Directions for this task:
I would like the lines below, from the one with "Для оценки качества" through the one with "1 Stop Fashion Pack", copied exactly and without any pictures.

Stored data entries:
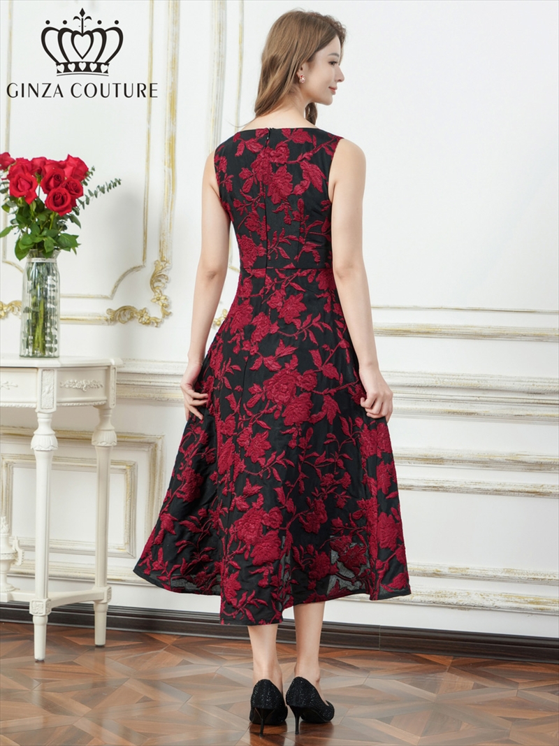 - > XS-Lサイズあり【ERUKEI エルケイ】ジャガード/ 花柄/ スリットネック/ ノースリーブ/ フィッシュテール/ Aライン/ ミディアムドレス/ フレア/ ワンピース/ ミニドレス/ キャバドレス[OF2]
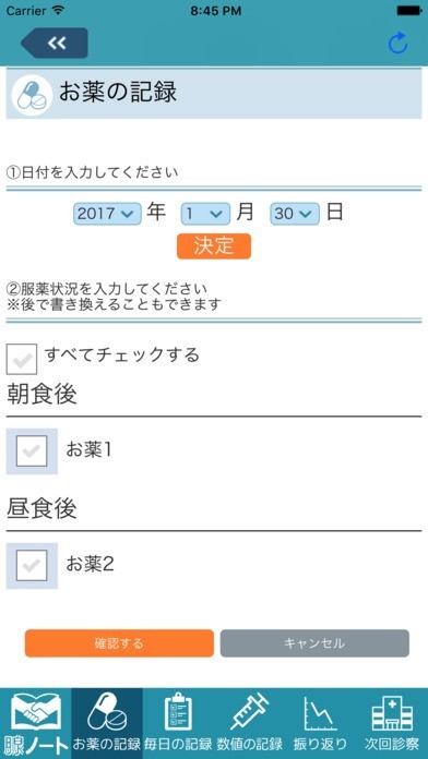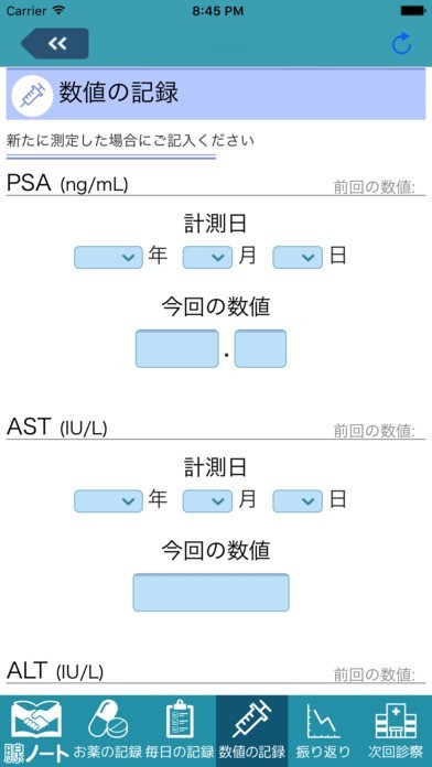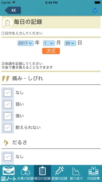 前立腺がん患者が毎日の症状や体調などを記録しておくことができるアプリ
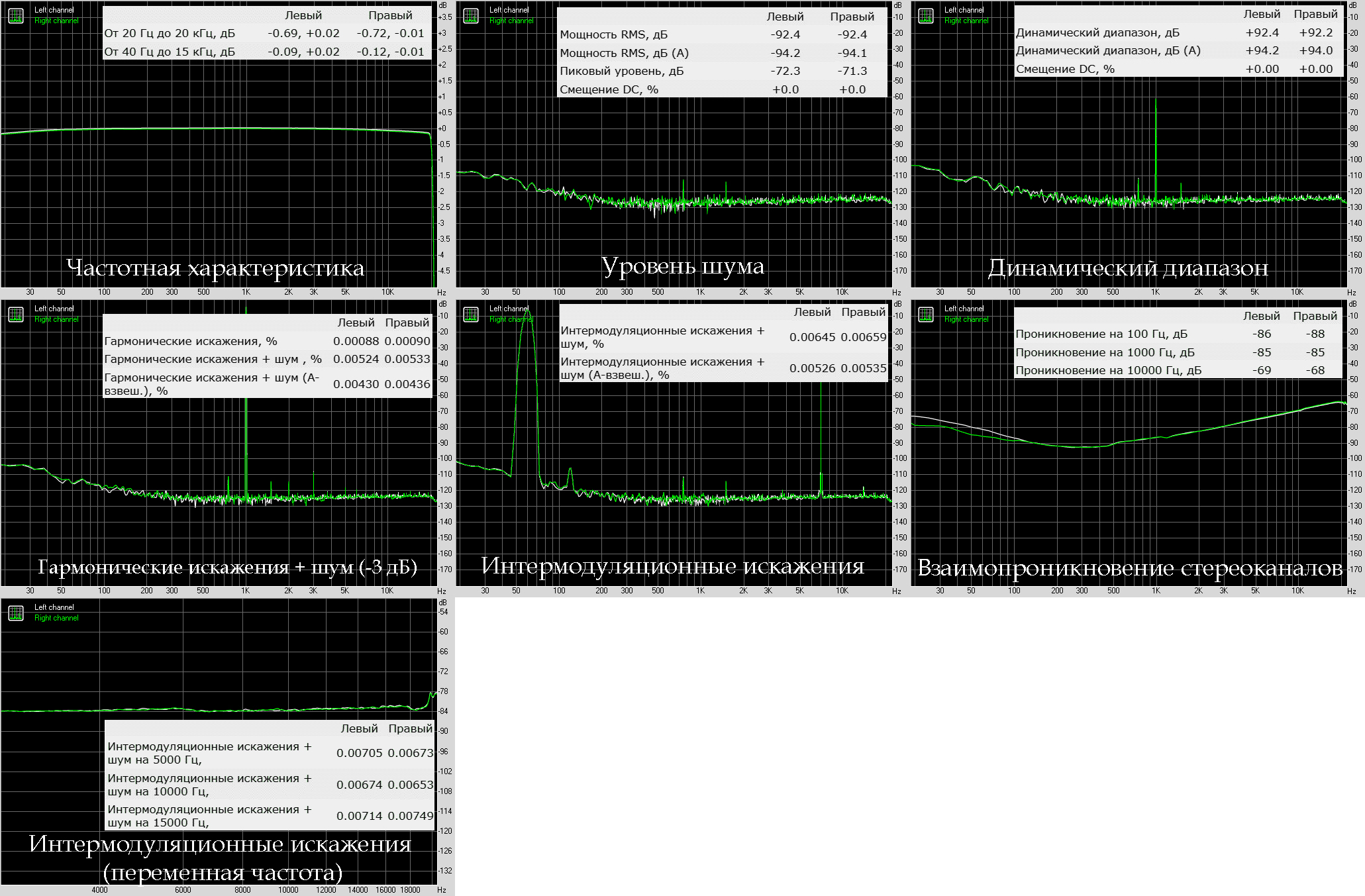 Для оценки качества звучания использовалась знаменитая программа RMAA 6.4.5. Измерения проводились в традиционном режиме External Loopback (линейный выход → линейный вход) с активным Direct Mode для чистоты эксперимента.
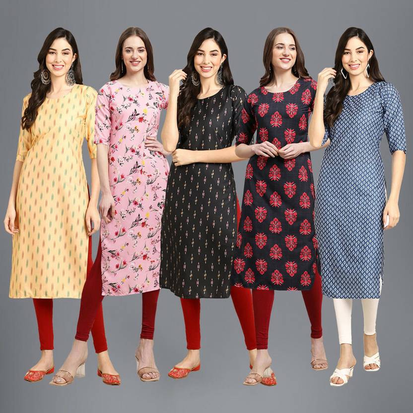 1 Stop Fashion Pack of 5 Women Printed Crepe Straight Kurta (Multicolor)
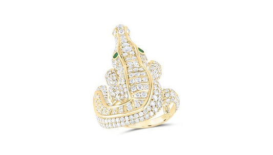 14k Yellow Gold 2 & 7/8 Cttw Diamond Crocodile Natural Emerald Gemstone Ladies Ring
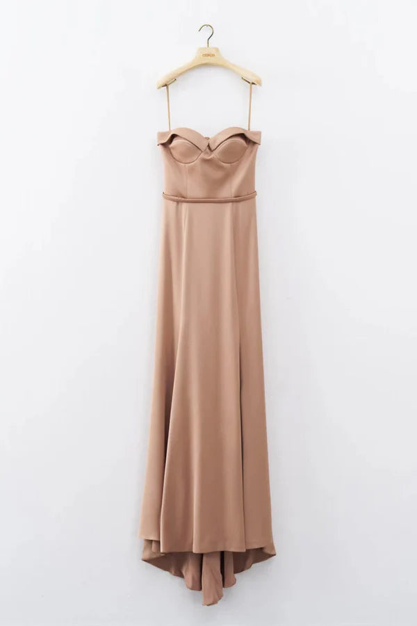 STRAPLEZ GÖĞÜS GLOPLU UZUN ABİYE ELBİSE
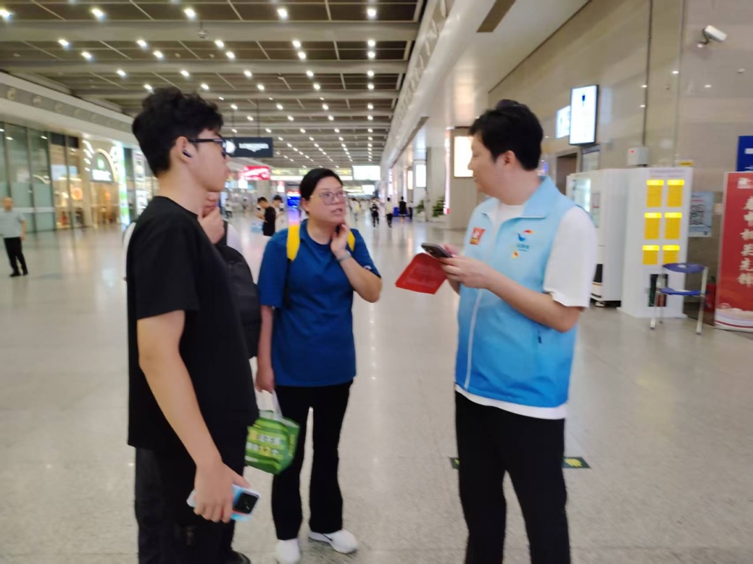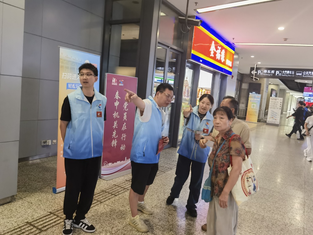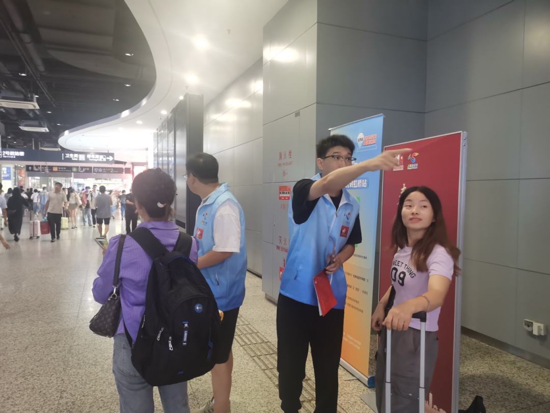 为全力保障国庆期间虹桥综合交通枢纽平稳有序运行,区区级机关工作党委、区委社会工作部等单位持续组织开展志愿者服务,闵行区区级机关志愿者坚守岗位,热忱接待,用他们的实际行动和满腔热情,温暖八方旅客。
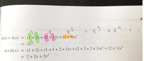 Är det rätt tänkt när jag tänker: Z_3(x) = {0,1,2} dvs då ska grad 0 med, grad 1 ska med och grad 2 ska med, dvs alla förutom x^2 ???? så svaret borde bli (1+2)+(2+1)x eller?? Varför elimineras just dom? Hoppas ngn fattar vad jag menar :$
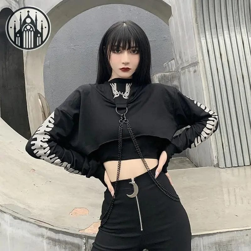 Ah, le style gothique – sombre, mystérieux, et toujours envoûtant. Avec notre sweat à capuche gothique réfléchissant à chaîne, vous pouvez embrasser pleinement cette esthétique unique. Parce que oui, c’est tout ce que nous sommes, n’est-ce pas, bébé ? Faites savoir au monde que vous ne rigolez pas avec ce sweat à capuche, taillé court, orné de graphiques de squelettes réfléchissants, et de chaines hardcore !
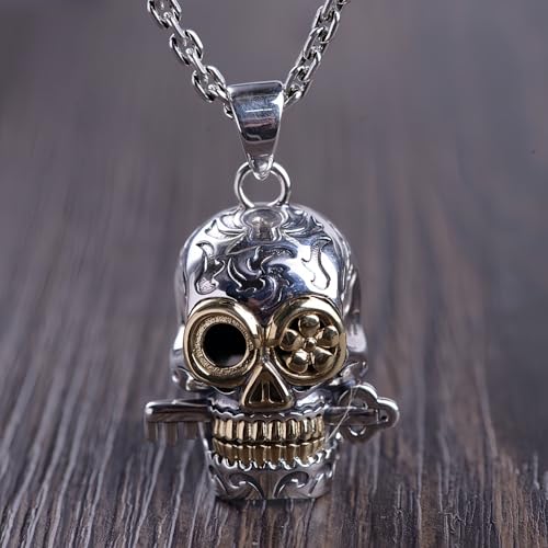 ForFox Ciondolo Teschio con Chiave in Argento Sterling 925 Gotico per Uomo Donna
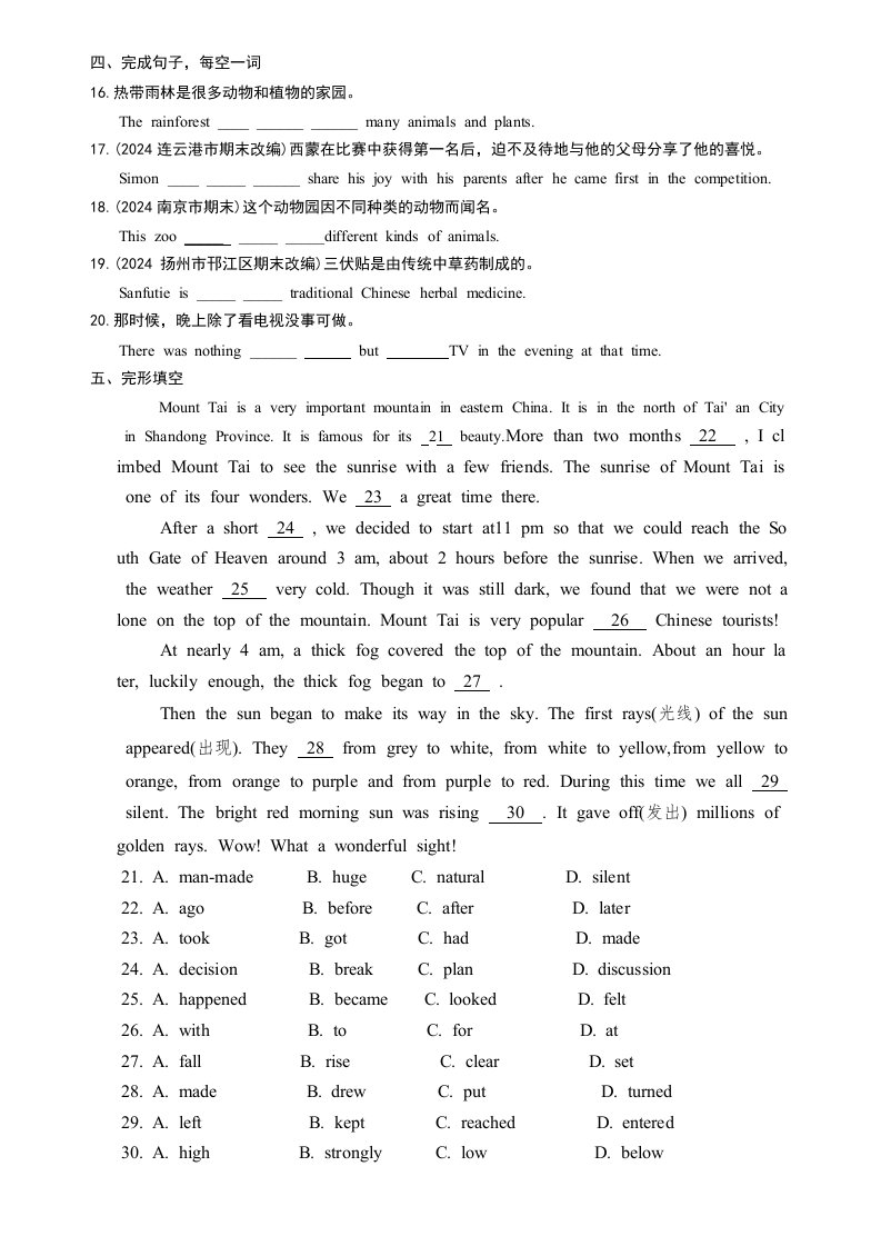 > 七下英语译林 Unit 6 Beautiful landscapes单元测试卷-(含答案)QXYYYL-0206

Reply to the exercise:
 Для оценки качества звучания использовалась знаменитая программа RMAA 6.4.5. Измерения проводились в традиционном режиме External Loopback (линейный выход → линейный вход) с активным Direct Mode для чистоты эксперимента.
 1 Stop Fashion Pack of 5 Women Printed Crepe Straight Kurta (Multicolor)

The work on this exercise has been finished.